I’ve been thinking about the way our children are measured throughout the years, and how it would look if we did something similar for adults.
Picture Sophie, a social media specialist for a big company. Sophie’s job is to create content and build community, and she was hired because she’s got an eye for design, takes nice photos, writes great captions, and communicates well with people online. It’s her dream role, and a month in she’s making a big impact.
But one Monday an email hits her inbox:
“Sophie – this note is to let you know that next week you’ll sit through a series of tests specific to other roles in the company. Here’s the schedule:
Wednesday: Revenue modelling in spreadsheets
Thursday: Live phone support with difficult customers
Friday: Front end coding
Reading material to help you prepare is attached.”
Sophie doesn’t want to be a CFO, has no plans to join the customer support team, and has never had the slightest interest in coding. Why is she being tested against any of that?

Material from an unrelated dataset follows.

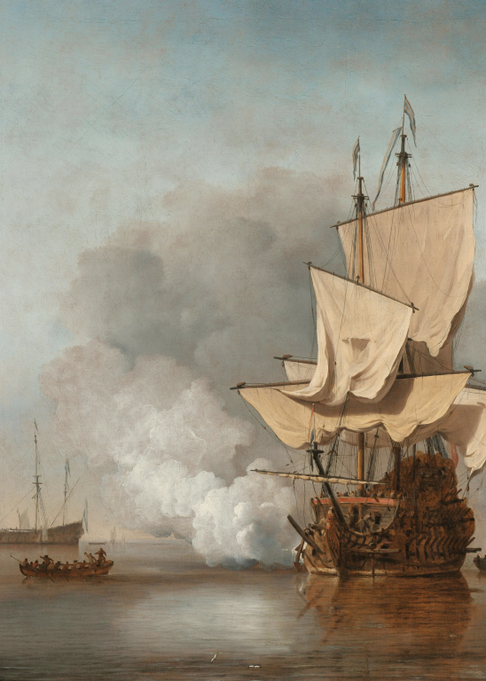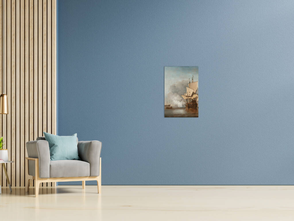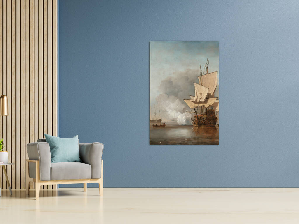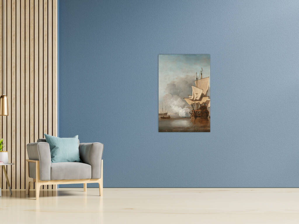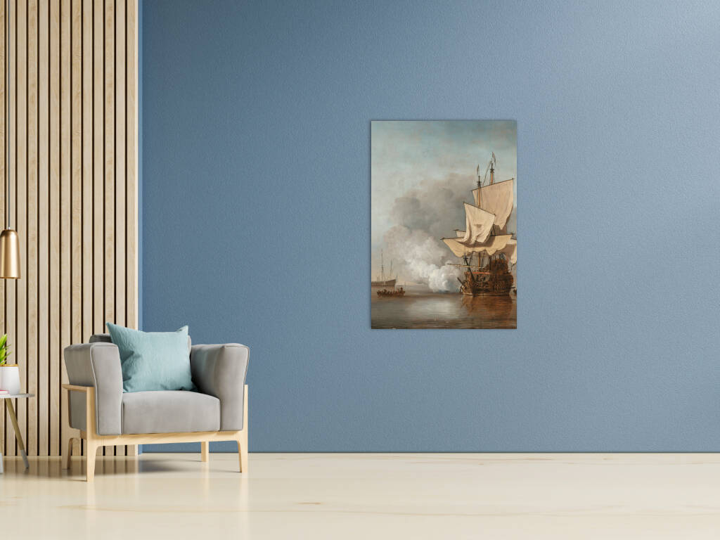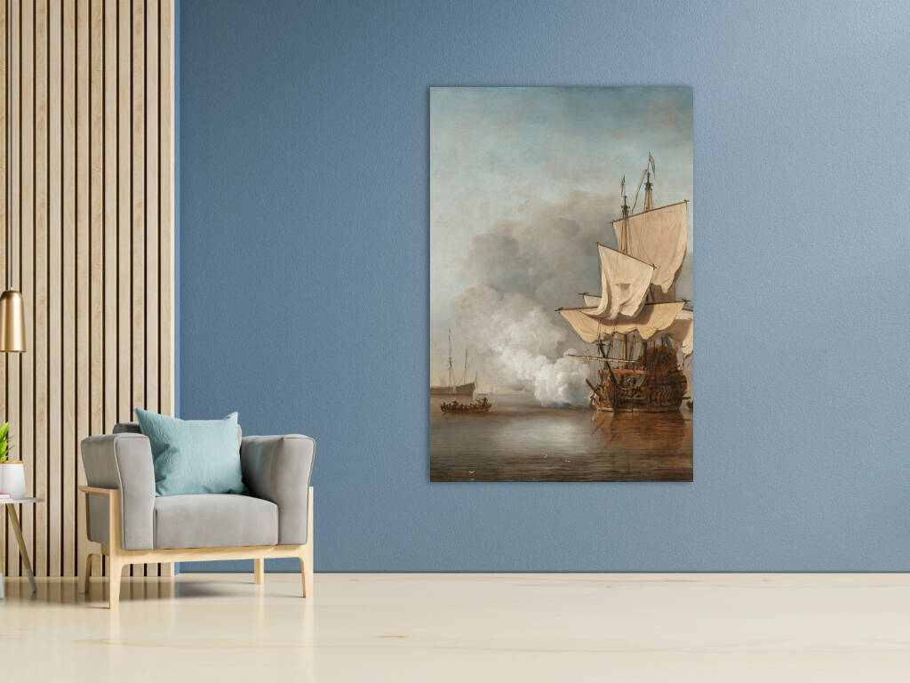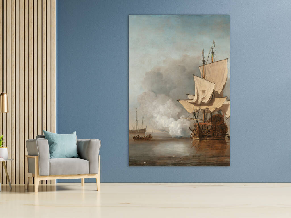 Het Kanonschot vangt een dramatisch moment uit de Nederlandse maritieme geschiedenis waarbij zeilschepen hun kracht tonen op de woelige zee. De imposante oorlogsschepen met hun bollende zeilen domineren de compositie, terwijl rookwolken en de bewolkte hemel de spanning van de scène versterken. De meesterlijke weergave van water, wind en de majesteitelijke schepen toont de technische perfectie van de Gouden Eeuw schilderkunst. Dit historische kunstwerk brengt de grandeur van de Nederlandse zeemacht en de dramatiek van de zeeslag direct in je leefruimte.

She does her best, and two weeks later the results are in:
“Sophie – you did ok on the phone support test (though you were a little awkward, please work on your tone), but you’re well off the pace in spreadsheeting and coding. A reminder that tests in these areas will continue for the next 10 years, please spend more time preparing in future (extra workshops are available). C+, C-, D.”

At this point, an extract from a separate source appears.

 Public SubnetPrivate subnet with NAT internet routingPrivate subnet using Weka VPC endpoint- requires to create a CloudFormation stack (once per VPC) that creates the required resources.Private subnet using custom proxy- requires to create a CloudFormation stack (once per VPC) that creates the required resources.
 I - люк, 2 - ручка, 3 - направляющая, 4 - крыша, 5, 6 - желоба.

If I put myself in Sophie’s shoes a few things would happen:
The positivity I’d been feeling about any successes would quickly erode.

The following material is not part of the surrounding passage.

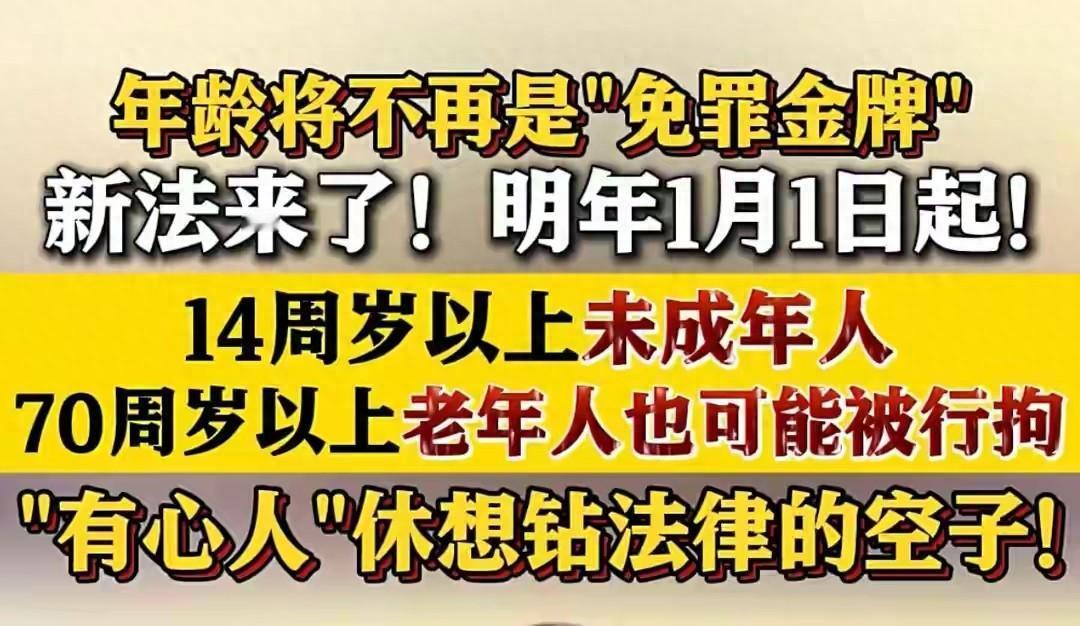 年龄将不再是“免罪金牌”新法来了!明年1月1日起14周岁以上未成年人、70周岁以上老年人也可能被行政拘留!   社会上有个让人挺闹心的现象:有些未成年人仗着自己“还小”,做了错事也不用怕拘留,顶多就是批评教育一下。还有些上了年纪的老人,一旦违法,很多时候也因为“岁数大”被豁免了行政拘留。   结果,出现了这样一种误区:只要年龄卡着线,违法成本就很低。大家伙一边看着气愤,一边又觉得无奈。现在,这种情况终于要改变了。   12月28日报道,新修订的《治安管理处罚法》2026年1月1日就要正式施行。这回最大的变化,就是明确了十四岁以上的未成年人和七十岁以上的老人,在一些严重的情况下,也可以被行政拘留。   过去那种“只要年纪合适,违法不用拘留”的日子,算是彻底到头了。新规一出,不管你是“熊孩子”还是“老顽童”,只要屡教不改,或者犯的事特别恶劣,公安机关就能依法把你拘留起来。   原来法律对十四岁到十六岁的未成年人,规定不执行行政拘留,哪怕他们一年内多次违法;十六到十八岁的孩子,第一次违法也不用拘留;七十岁以上老人也有类似的“保护伞”。   这本来是考虑到未成年人还没完全长大,思想不成熟,老人身体健康也需要照顾,体现了法律的人性化。但问题是,有些人就钻了这个空子。   社会上屡屡有新闻曝出,未成年人明知道不会被拘留,胆子越来越大,违法行为也越来越多。再加上网络上各种“未成年人犯罪不用负责任”的说法,让不少人心里都憋着火。   这次新规的调整,说白了,就是让那些想占便宜的人打消念头。对于十四至十六岁的未成年人,若在一年内两次及以上违反治安管理规定,依照法律规定,便可对其执行行政拘留措施。   哪怕是第一次违法,但情节特别严重,影响特别坏,比如校园霸凌、聚众打架这种,也能依法拘留。十六到十八岁的未成年人,初次违法只要情节恶劣,同样可以被拘留。   七十岁以上的老人,如果一年之内两次以上违法,或者其中一次性质很严重,也不再享受“豁免权”。当然,法律还是讲究“宽严相济”,特别是对未成年人。   新规也强调,公安机关对不够拘留条件的未成年人,还是要根据《预防未成年人犯罪法》,采取矫治教育等办法,不能一上来就拘留。   实在没有必要的,还是以教育为主,惩罚为辅。只有那些屡教不改、影响恶劣的,才用拘留这个办法。对七十岁以上的老人,也会考虑身体状况和实际影响,绝不是“一刀切”。   仔细想想,这次修法其实挺贴近现实。为啥这么说?大家都知道,社会治安越来越复杂,未成年人和老年人的违法问题也越来越受到关注。   过去,很多家长和老师遇到“熊孩子”头疼得不行,公安机关也挺为难:抓吧,法律不允许;不抓吧,问题越来越多。   这次修法,是对大家关心的回应,既保护了特殊群体的基本权利,又让违法行为有了应有的约束,让社会更安稳。   老百姓都关心:什么叫“情节严重、影响恶劣”?其实法律也有明确界定,像校园欺凌、聚众斗殴、恶意伤人这些,都属于情节严重的范畴。是不是所有的“小错”都要拘留?当然不是。   只有那些影响大、社会危害性强的行为,才会用到行政拘留这个“杀手锏”。大多数情况下,公安机关还是会评估具体情况,能教育的就教育,能挽救的就挽救。   说到这里,其实还有个值得大家思考的地方。新规虽然让违法成本变高了,但对家庭和学校来说,也是个提醒。孩子的教育不能光指望学校、法律,家长的管教和引导也很重要。   毕竟,法律只是“最后一道防线”,平时的家庭教育和社会关注,才能让孩子真正明白什么能做、什么不能做。   对于老人也是一样,子女多关心、多提醒,社会多一些关爱,违法的概率自然会小很多。这次法律修订,其实是和国际上很多国家接轨的。   像日本、德国等发达国家,对于未成年人违法,也都是“保护为主、惩戒为辅”,但绝不纵容恶性违法。   中国这次调整,是顺应社会发展、回应群众期盼,也是法律不断完善和进步的体现。以后,社会上再遇到那些仗着“年龄挡箭牌”胡作非为的人,这根“保护伞”可就不好使了。   法律的底线清清楚楚,谁都别想着钻空子。对老百姓来说,安全感更强了,孩子和老人也能得到更科学、更有力度的教育和管理。其实,只有大家都守规矩,社会才能更和谐。   新《治安管理处罚法》实施后,无论是公安机关、学校还是家庭,都要适应新的变化。对待未成年人和老年人违法,不再是简单的“包庇”或“放纵”,而是有法可依、该宽则宽、该严则严。   相信通过这次调整,社会秩序会更加稳定,大家的生活也会更安心。 参考来源:年龄不是挡箭牌,一老一小违法,也可能被拘留——看看新闻Knews2025-12-28

Disinterest in those other areas would become resentment.
Despite that resentment, I’d spend less time on the things I’m passionate about and more on preventing poor results in areas I have no interest.
It would be a stressful, unproductive mess.
No one would accept this kind of benchmarking in the professional world, and the impact on focus, performance, satisfaction and mental health if we tried is obvious.
We need to dial back the testing our children are facing, and we need to do it now.